▸ **TASK INPUTS**:
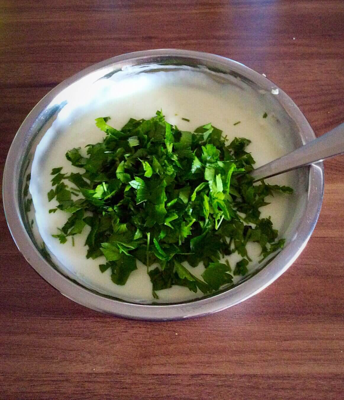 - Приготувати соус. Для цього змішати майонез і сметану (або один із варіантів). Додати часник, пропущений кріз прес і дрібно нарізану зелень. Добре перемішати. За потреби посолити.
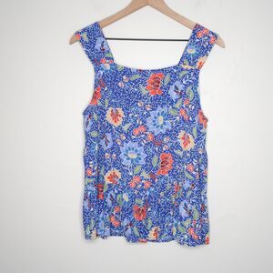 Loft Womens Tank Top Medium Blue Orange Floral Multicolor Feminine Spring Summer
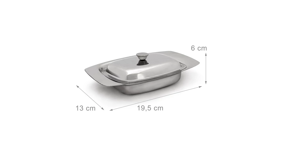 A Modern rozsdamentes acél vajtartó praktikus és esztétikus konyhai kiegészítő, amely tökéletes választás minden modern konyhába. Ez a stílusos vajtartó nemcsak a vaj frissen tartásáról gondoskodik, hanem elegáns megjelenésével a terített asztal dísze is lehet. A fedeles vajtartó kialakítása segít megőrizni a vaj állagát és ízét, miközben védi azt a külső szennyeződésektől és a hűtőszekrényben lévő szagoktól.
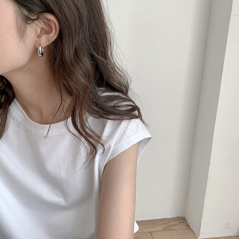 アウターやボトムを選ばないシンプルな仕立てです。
* * *
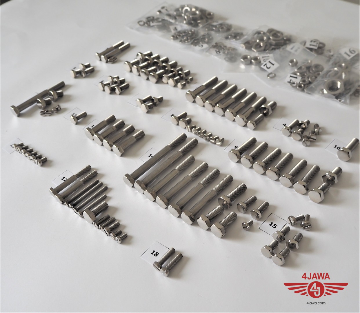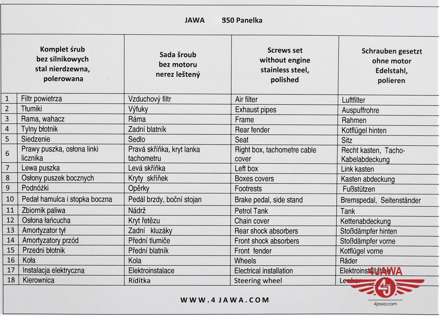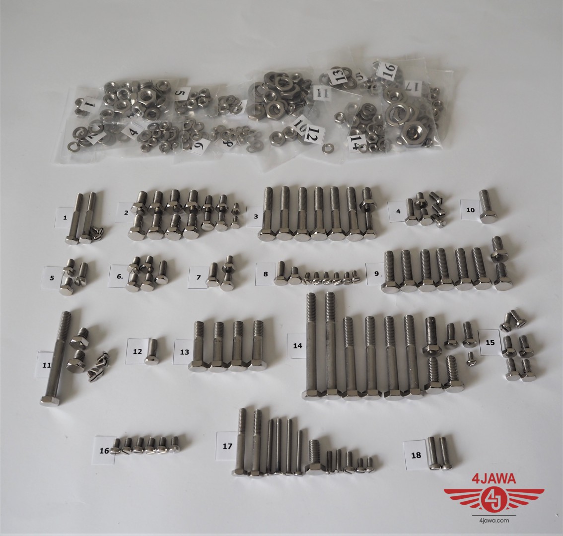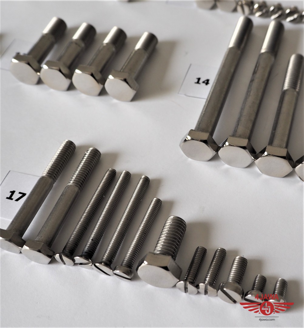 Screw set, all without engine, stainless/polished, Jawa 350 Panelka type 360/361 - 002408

▸ **WHAT YOU WILL DO**: Output exactly the stretch of the listing that begins at the line containing "A Modern rozsdamentes" and ends at the line containing "アウターやボトムを選ばないシンプルな仕立てです。", both kept. Omit pictures and everything else.

▸ **EXERCISE RESULT**:
 A Modern rozsdamentes acél vajtartó praktikus és esztétikus konyhai kiegészítő, amely tökéletes választás minden modern konyhába. Ez a stílusos vajtartó nemcsak a vaj frissen tartásáról gondoskodik, hanem elegáns megjelenésével a terített asztal dísze is lehet. A fedeles vajtartó kialakítása segít megőrizni a vaj állagát és ízét, miközben védi azt a külső szennyeződésektől és a hűtőszekrényben lévő szagoktól.
 アウターやボトムを選ばないシンプルな仕立てです。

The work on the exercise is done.